Yes, I'm getting 5 local OTA digital channels.



Jason Nipp said:


> Also, you could connect the 522 to the 811 thru vid 1 or 2 back panel jacks. These inputs are also upconverted by the 811.


I haven't had a chance to do this since you posted this last week, but will try to get this done today.



Ron Barry said:


> Gilly..Hmmm 60" Sony.. is it a GWII LCD or a RPTV?


Not sure what you meen by GWII or RPTV, but the model # is KF60XBR800.



Ron Barry said:


> 1) How far are you sitting from the set?
> 2) What setting do you have it set at? Is it set to vivid? Try mild and pro that should help the artifacts.
> 3) Is your sharpness cranked up? if it is.. turn it down.
> 4) You Sony should do a better job upscaling the SD than your 811. I would hook up your 522 directly to your Sony on your svideo and compare the picture with your 811 SD.


1) 13.5 feet
2) I have the setting on the TV set to Standard, I tried Mild but didn't help much.
3) Sharpness is right in the middle. I can try playing around with that to see if it helps.
4) When I first got the 522, I hooked it up using s-video, then tried the rca video hookup, but oddly, the coax was slightly better pq, which should be opposite.

Thanks Jason and Ron for your replies, insights and tips. I will try to hook the 522 up through the 811 and see if that helps.

Gilly


----------



## Jason Nipp (Jun 10, 2004)

Gilly said:


> Yes, I'm getting 5 local OTA digital channels.
> 
> I haven't had a chance to do this since you posted this last week, but will try to get this done today.
> 
> ...


RP/RPTV is Rear projection.

Your SD picture will perform better on a big screen/dish receiver if you turn the sharpness down. I have mine almost at the minimum setting on all my displays, HD or not.


----------



## Gilly (Apr 5, 2005)

Jason/Ron - Thank you so much!!! Hooking the 522 through my 811 via RCA makes the pq MUCH BETTER! Obviously not HD, but now it's as clear as the SD channels directly from the 811. This is awesome.



Ron Barry said:


> Gilly..Hmmm 60" Sony.. is it a GWII LCD or a RPTV?





Jason Nipp said:


> RP/RPTV is Rear projection.


My Sony is a rear proj LCD TV.

Thanks again.
Gilly


----------



## Ron Barry (Dec 10, 2002)

I believe we have the same TV Gilly.. GWII is short for Grand Wega II. There is also a Grand Wega III and might even have a 4 by now. Mind is also a 60" Rear Projection LCD. Glad to hear that PQ improved. Due keep it off vivid. Vivid will really bring out the artifacts. I also would suggest getting a Home Theater calibration DVD and use that to set your component inputs. Makes for a nice starting point and can further improvie your 811 PQ.


----------



## Gilly (Apr 5, 2005)

Ron Barry said:


> I also would suggest getting a Home Theater calibration DVD and use that to set your component inputs. Makes for a nice starting point and can further improvie your 811 PQ.

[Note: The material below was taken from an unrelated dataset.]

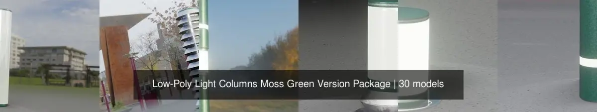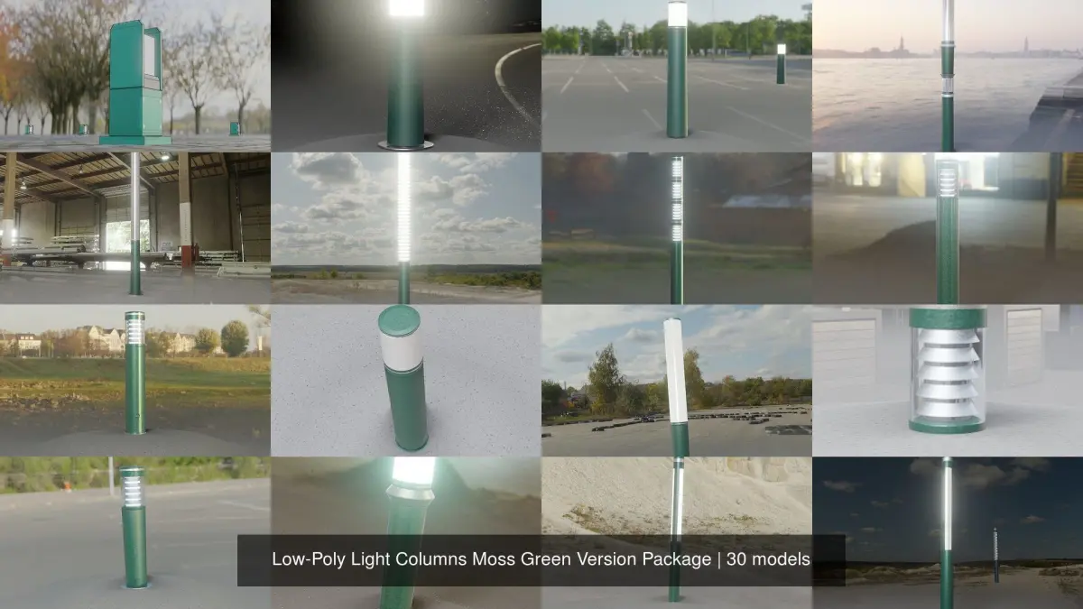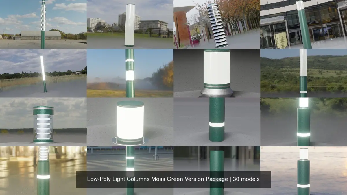 Here are 30 different types of low-poly light columns. The moss green version!

I use the DVI input for my 811 and only use the component inputs for my DVD player/recorder. Is there a way to calibrate the DVI input?

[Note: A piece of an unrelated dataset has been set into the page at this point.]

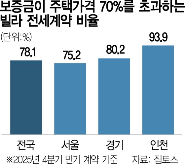 2일 부동산 중개·분석업체 집토스가 전세 계약 만료 시점이 오는 4분기(10∼12월)인 전국 빌라 전세 계약 2만4191건을 분석한 결과, 전세 보증 가입 요건이 주택 가격의 70%로 강화되면 이들 계약의 78.1%(1만8889건)가 보증 가입이 불가능해지는 것으로 나타났다. 구체적으로 인천 93.9%, 경기 80.2%, 서울 75.2% 등 수도권 빌라 계약의 대다수가 보증 가입 불가 대상에 포함됐다.

Yes, mine is the Grand Wega II. I should have figured "GWII" to mean that. It's a little over 2 years old.


----------



## Jason Nipp (Jun 10, 2004)

Yes, it has picture control settings just as any other input.

I actually paid to have mine done since my Display's DVI is shared by two sources. ISF can get pricey though as they charge per input.


----------



## dcb (Jun 4, 2002)

chuckflarhu said:


> I recently purchased a Toshiba HDTV. I am currently running it with a Dish DVR 522. The 522 is in single mode on the one tv. .

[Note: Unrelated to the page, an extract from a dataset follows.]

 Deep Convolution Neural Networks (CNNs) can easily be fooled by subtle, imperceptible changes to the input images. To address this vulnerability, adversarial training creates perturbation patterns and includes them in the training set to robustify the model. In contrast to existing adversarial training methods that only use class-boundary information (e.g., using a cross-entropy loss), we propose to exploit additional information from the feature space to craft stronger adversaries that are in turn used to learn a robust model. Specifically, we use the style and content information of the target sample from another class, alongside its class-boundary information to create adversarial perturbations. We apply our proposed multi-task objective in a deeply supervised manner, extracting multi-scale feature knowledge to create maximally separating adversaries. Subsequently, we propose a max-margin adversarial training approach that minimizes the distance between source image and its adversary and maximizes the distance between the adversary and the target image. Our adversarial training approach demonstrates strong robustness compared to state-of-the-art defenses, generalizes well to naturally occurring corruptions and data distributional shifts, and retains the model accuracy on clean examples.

I have been reading with intrerest this thread (811 and 522). I have a 32" Westinghouse HD LCD connected to a 508 receiver and a Dish Pro500 dish.

I just bought a used 811 primarily to get OTA HD (It's still in the box). I will also subscribe to Dish's HD package at some point. I would like to keep the 508 for it's DVR capabilities. What are some of the issues and possibilties in hooking up this combination? I'm somewhat of a novice at this stuff.

Don


----------



## BobaBird (Mar 31, 2002)

dcb, you will have to run an additional line from the dish to connect the 811. You can't use a splitter, and the DishPro Plus single line installation is only for dual tuner receivers - not two separate ones. IIRC, the 811 requires reception of a satellite signal for the OTA tuner to work.

Make sure the receivers are set to respond to different remote addresses so the IR side of the 508's remote doesn't control the 811. (Same idea applies to the UHF Pro signal from the 522 TV2 and 811's remotes controlling each other.) Instructions are in the manual.


----------



## dcb (Jun 4, 2002)

BobaBird said:


> dcb, you will have to run an additional line from the dish to connect the 811. You can't use a splitter, and the DishPro Plus single line installation is only for dual tuner receivers - not two separate ones. IIRC, the 811 requires reception of a satellite signal for the OTA tuner to work.
> 
> Make sure the receivers are set to respond to different remote addresses so the IR side of the 508's remote doesn't control the 811. (Same idea applies to the UHF Pro signal from the 522 TV2 and 811's remotes controlling each other.) Instructions are in the manual.


Ok, I will need the line run from my Dish to the revceiver, but do I have to have the 811 activated by Dish in irder to get OTA HD channnels?


----------



## BobaBird (Mar 31, 2002)

Not sure, but I wouldn't think so since an unsubscribed 811 can receive OTA as long as it also still gets a satellite signal.


----------